__Task item__. The exercise calls for exact output of the lines between the one that contains "பரந்தூர் விமான நிலைய" and the end of the data, with both ends kept and pictures left out.

================================

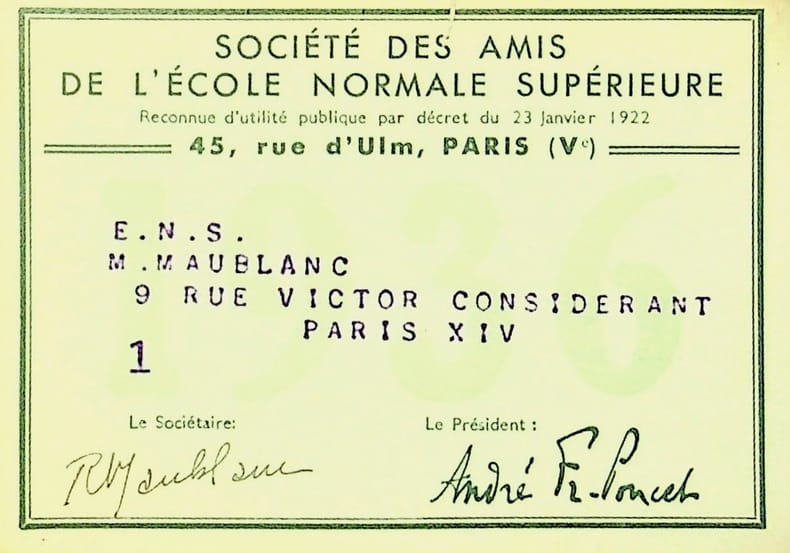 René Maublanc (1891-1960), philosophe, écrivain, antifasciste. P.S. Société des Amis de l'Ecole Normale Supérieure : carte de membre, sans date (ap. 1922), signée par Maublanc. Petite déchirure en haut. [299-3]
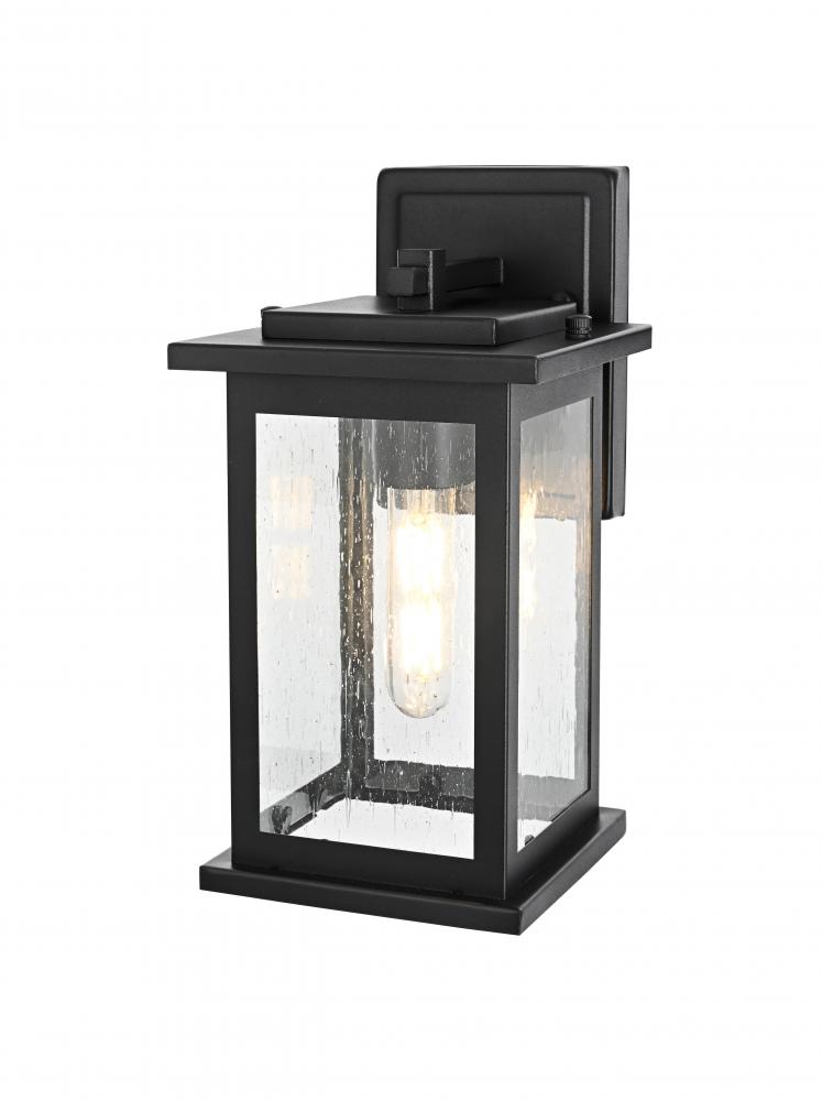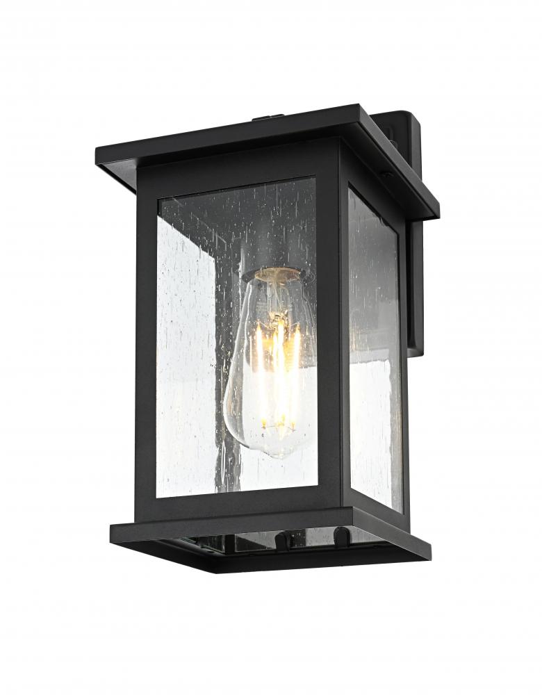 Enhance your outdoor space with this stunning wall sconce, merging a sleek, modern design with timeless craftsmanship. Crafted from durable iron and combined with clear glass panels, this outdoor light exudes an inviting warmth while providing functional illumination. Its crisp rectangular silhouette and clean lines blend beautifully with a variety of architectural styles, adding sophistication to any porch, patio, or entryway. The sconce's E26 socket makes it compatible with a range of bulb types, allowing for customizable ambiance. The textured seeded glass adds depth and visual interest, effortlessly scattering light to create a soft glow. Built to withstand the elements, this sconce not only provides aesthetic appeal but also offers reliable outdoor illumination that you can count on for years to come.
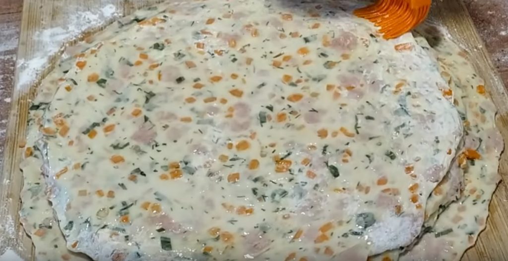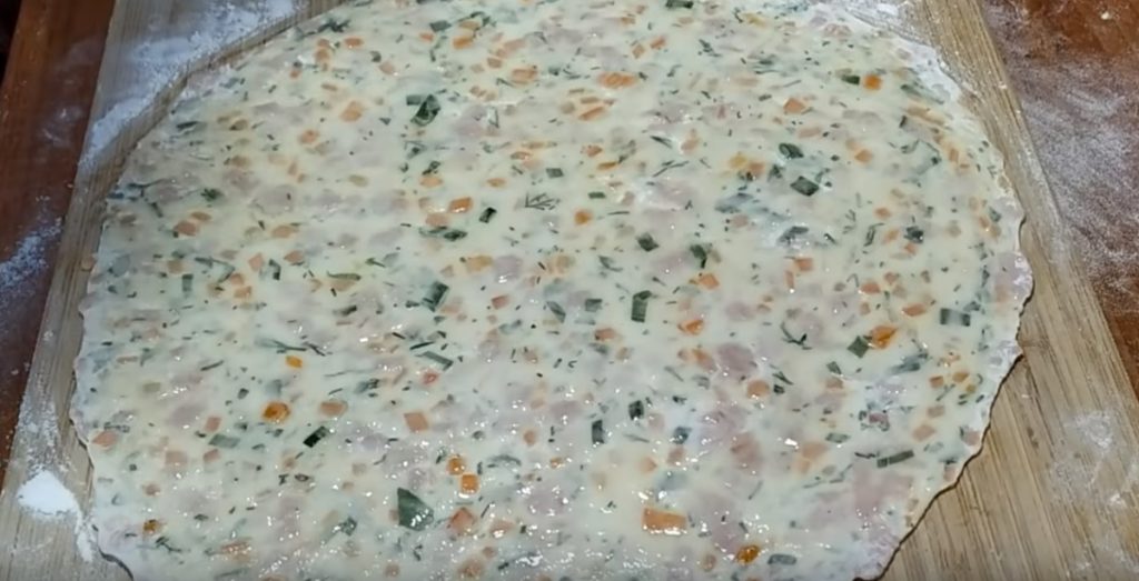 Întindem în formă subțire și sfertul de aluat. o să avem o turtă mare și șase mai mici.
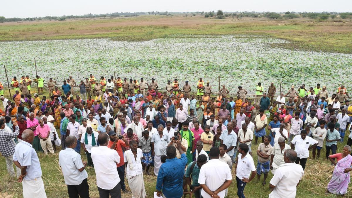 பரந்தூர் விமான நிலைய பணிகளுக்கு விவசாய நிலங்கள் கையகப்படுத்தும் விவகாரத்தில் தலைமைச் செயலகம் வந்து போராட்டம் செய்வேன் என தவெக தலைவர் விஜய் கூறியிருந்த நிலையில், இப்போது கிராம மக்களே தங்கள் நிலங்களை கொடுத்து பத்திரப்பதிவு செய்து வருவது குறிப்பிடத்தக்கது.
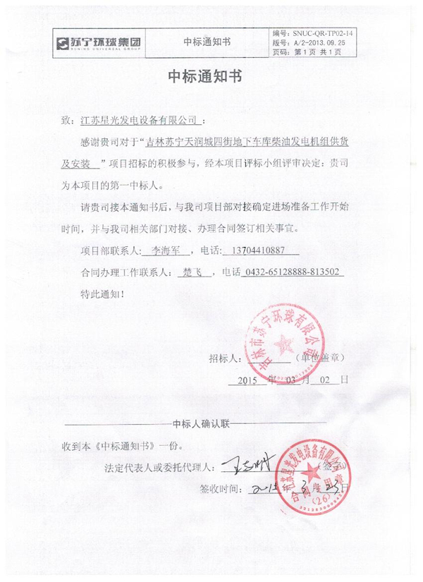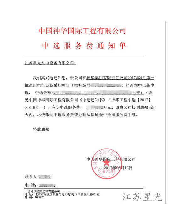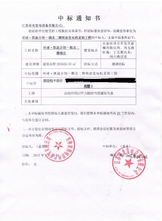 熱烈祝賀星光公司成功中標(biāo)中國解放軍某部隊(duì)后勤保障部500kw柴油發(fā)..
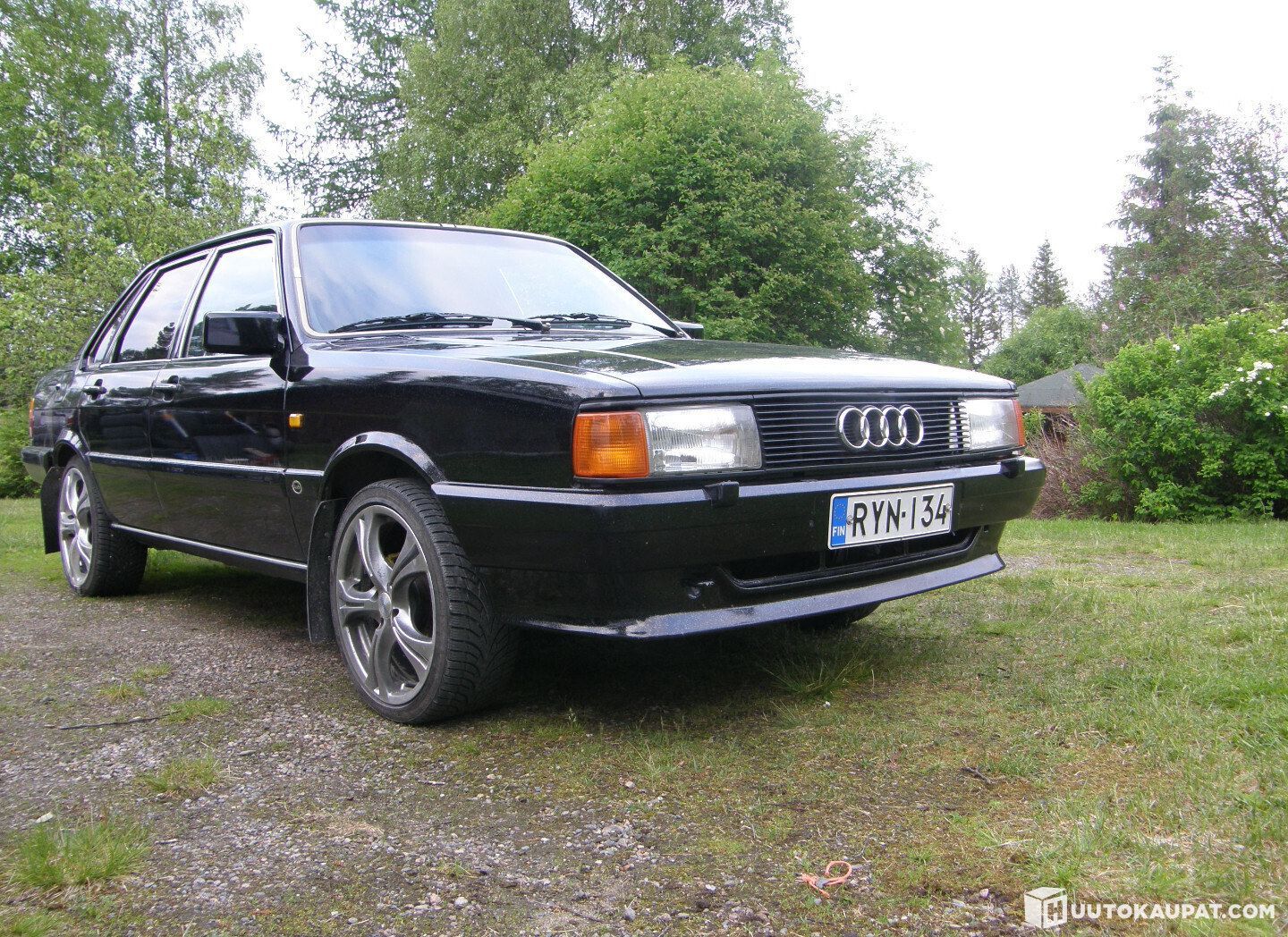 Komea, hyväkuntoinen nelikymppinen Audi 80. Edellinen omistaja oli aloittanut koneremontin 5 vuotta sitten, hankkinut uudet tiivisteet, laakerit,männänrenkaat,yms. Jäänyt ajanpuutteen vuoksi kesken. Korissa ei ollut minulla muuta tekemistä kuin asensin isot kuraläpät, kuten sen ajan autoissa oli.

================================

__Problem solution__.
 பரந்தூர் விமான நிலைய பணிகளுக்கு விவசாய நிலங்கள் கையகப்படுத்தும் விவகாரத்தில் தலைமைச் செயலகம் வந்து போராட்டம் செய்வேன் என தவெக தலைவர் விஜய் கூறியிருந்த நிலையில், இப்போது கிராம மக்களே தங்கள் நிலங்களை கொடுத்து பத்திரப்பதிவு செய்து வருவது குறிப்பிடத்தக்கது.
 熱烈祝賀星光公司成功中標(biāo)中國解放軍某部隊(duì)后勤保障部500kw柴油發(fā)..
 Komea, hyväkuntoinen nelikymppinen Audi 80. Edellinen omistaja oli aloittanut koneremontin 5 vuotta sitten, hankkinut uudet tiivisteet, laakerit,männänrenkaat,yms. Jäänyt ajanpuutteen vuoksi kesken. Korissa ei ollut minulla muuta tekemistä kuin asensin isot kuraläpät, kuten sen ajan autoissa oli.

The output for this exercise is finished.